WHAT YOU NEED TO DO: Below is a listing; retype exactly the lines between the one containing "bharindo.co.id Jombang,- Polres" and the one containing "ocasiones, un edificio", inclusive, minus the pictures.

THE RECORDS:
⟨

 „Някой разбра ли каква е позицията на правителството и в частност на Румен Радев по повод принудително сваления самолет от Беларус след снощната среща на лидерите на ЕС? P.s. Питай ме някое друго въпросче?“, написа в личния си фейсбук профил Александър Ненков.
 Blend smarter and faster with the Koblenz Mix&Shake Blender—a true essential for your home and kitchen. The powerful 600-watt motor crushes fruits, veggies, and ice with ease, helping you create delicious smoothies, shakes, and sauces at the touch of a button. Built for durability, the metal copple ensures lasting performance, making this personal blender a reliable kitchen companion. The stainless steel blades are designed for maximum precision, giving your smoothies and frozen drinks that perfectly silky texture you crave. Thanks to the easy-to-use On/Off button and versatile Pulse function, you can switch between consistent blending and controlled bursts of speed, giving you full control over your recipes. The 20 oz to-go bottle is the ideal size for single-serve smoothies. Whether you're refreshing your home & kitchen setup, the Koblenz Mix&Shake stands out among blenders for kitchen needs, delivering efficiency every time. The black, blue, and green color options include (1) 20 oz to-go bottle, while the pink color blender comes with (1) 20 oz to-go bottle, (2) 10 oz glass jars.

⟩
⟨

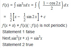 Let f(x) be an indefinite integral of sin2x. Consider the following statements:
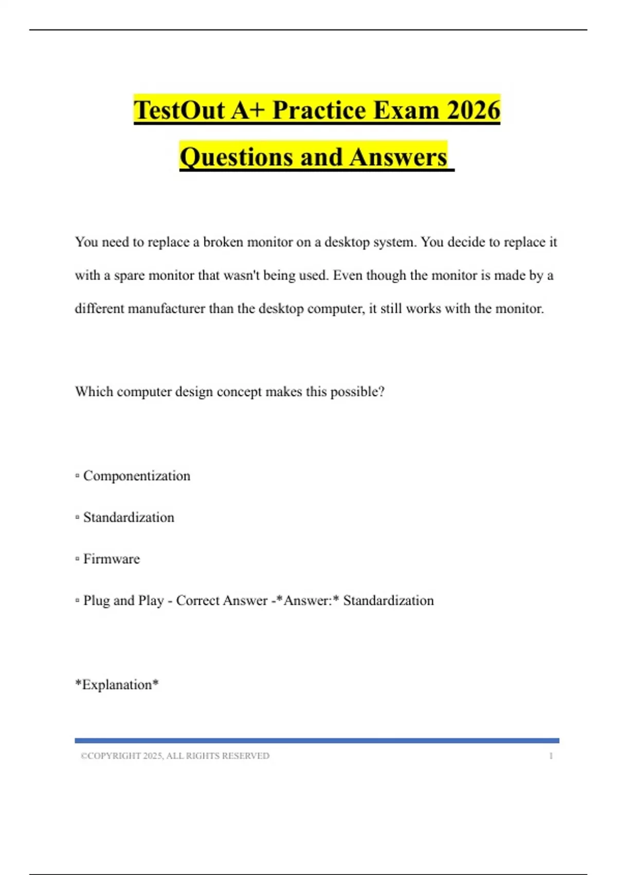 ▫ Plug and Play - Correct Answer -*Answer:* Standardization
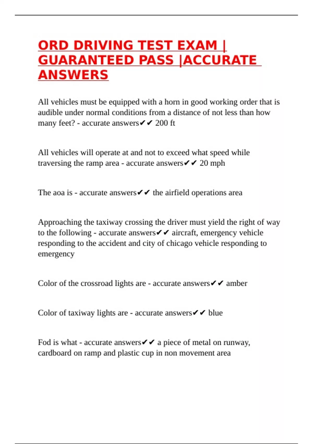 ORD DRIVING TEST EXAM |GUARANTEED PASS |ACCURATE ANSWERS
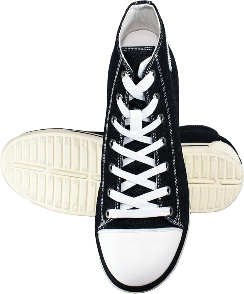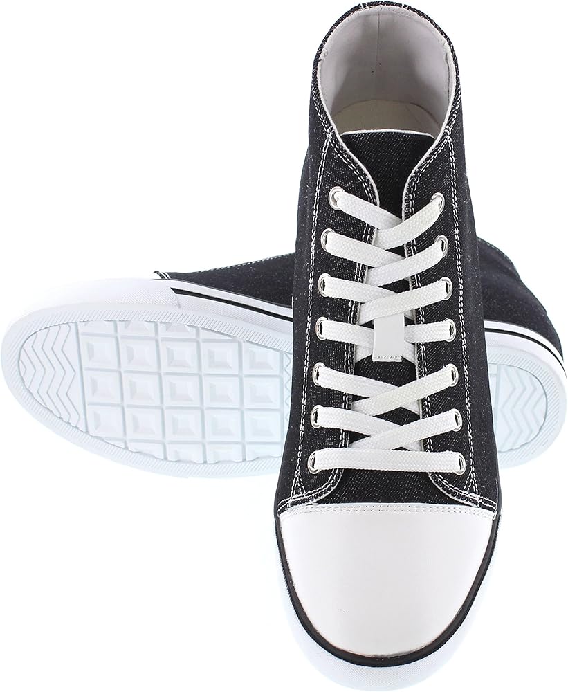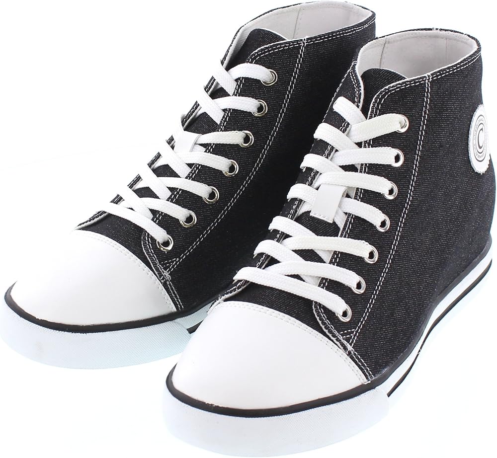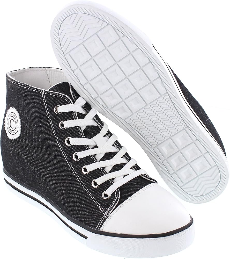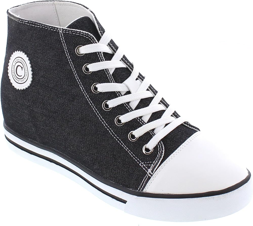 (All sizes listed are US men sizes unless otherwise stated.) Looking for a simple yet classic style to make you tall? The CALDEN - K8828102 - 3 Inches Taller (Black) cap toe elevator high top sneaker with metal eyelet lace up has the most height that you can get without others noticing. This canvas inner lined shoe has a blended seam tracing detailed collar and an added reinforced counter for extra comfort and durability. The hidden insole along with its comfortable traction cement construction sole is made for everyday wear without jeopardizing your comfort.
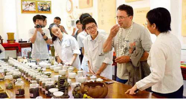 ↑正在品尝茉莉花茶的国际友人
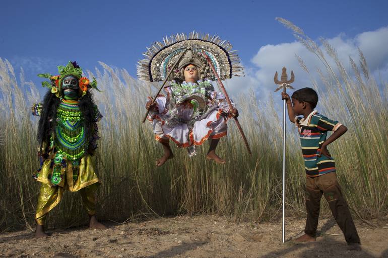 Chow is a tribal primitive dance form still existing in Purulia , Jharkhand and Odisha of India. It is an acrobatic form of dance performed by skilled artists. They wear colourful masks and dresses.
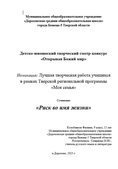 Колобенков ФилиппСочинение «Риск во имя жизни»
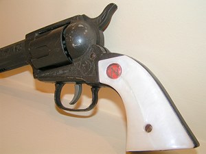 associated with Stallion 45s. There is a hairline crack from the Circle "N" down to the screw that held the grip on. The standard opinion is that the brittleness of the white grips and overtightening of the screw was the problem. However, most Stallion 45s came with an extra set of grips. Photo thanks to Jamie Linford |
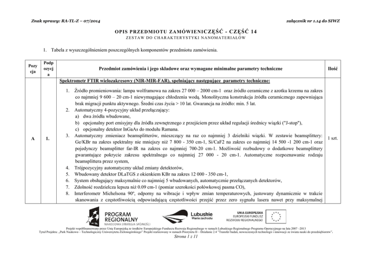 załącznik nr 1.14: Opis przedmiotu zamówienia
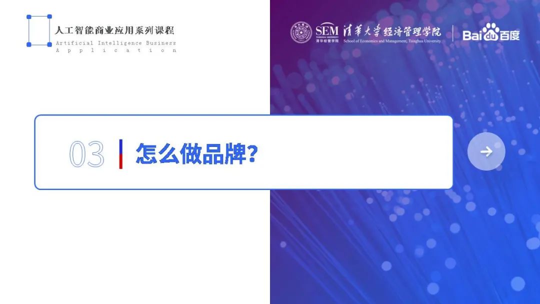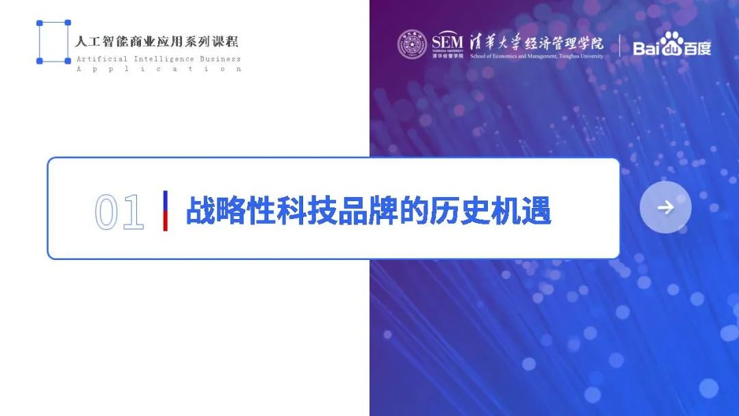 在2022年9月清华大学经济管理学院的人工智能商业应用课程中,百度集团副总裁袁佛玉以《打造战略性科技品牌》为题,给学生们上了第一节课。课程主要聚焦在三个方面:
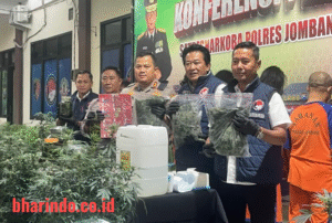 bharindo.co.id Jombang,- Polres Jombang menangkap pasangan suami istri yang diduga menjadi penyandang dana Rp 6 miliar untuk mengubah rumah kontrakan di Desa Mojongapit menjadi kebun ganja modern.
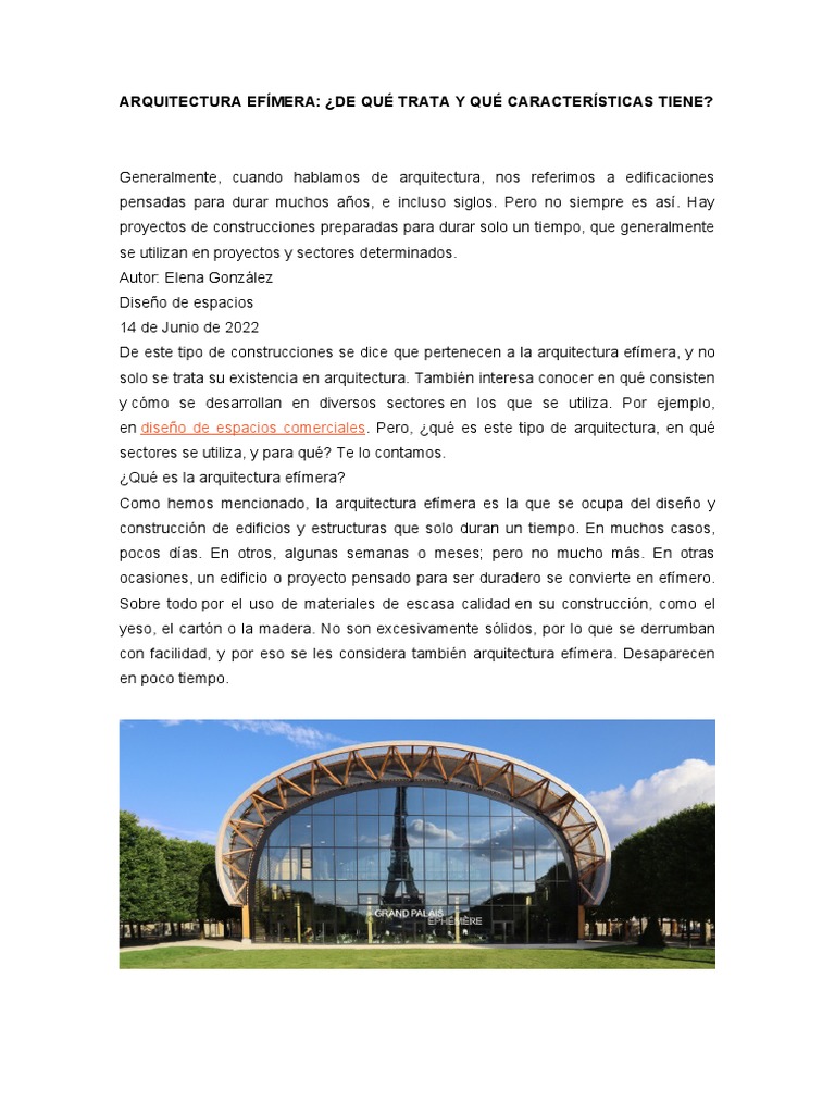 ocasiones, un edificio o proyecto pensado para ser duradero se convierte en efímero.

⟩

WRITTEN RESPONSE:
 bharindo.co.id Jombang,- Polres Jombang menangkap pasangan suami istri yang diduga menjadi penyandang dana Rp 6 miliar untuk mengubah rumah kontrakan di Desa Mojongapit menjadi kebun ganja modern.
 ocasiones, un edificio o proyecto pensado para ser duradero se convierte en efímero.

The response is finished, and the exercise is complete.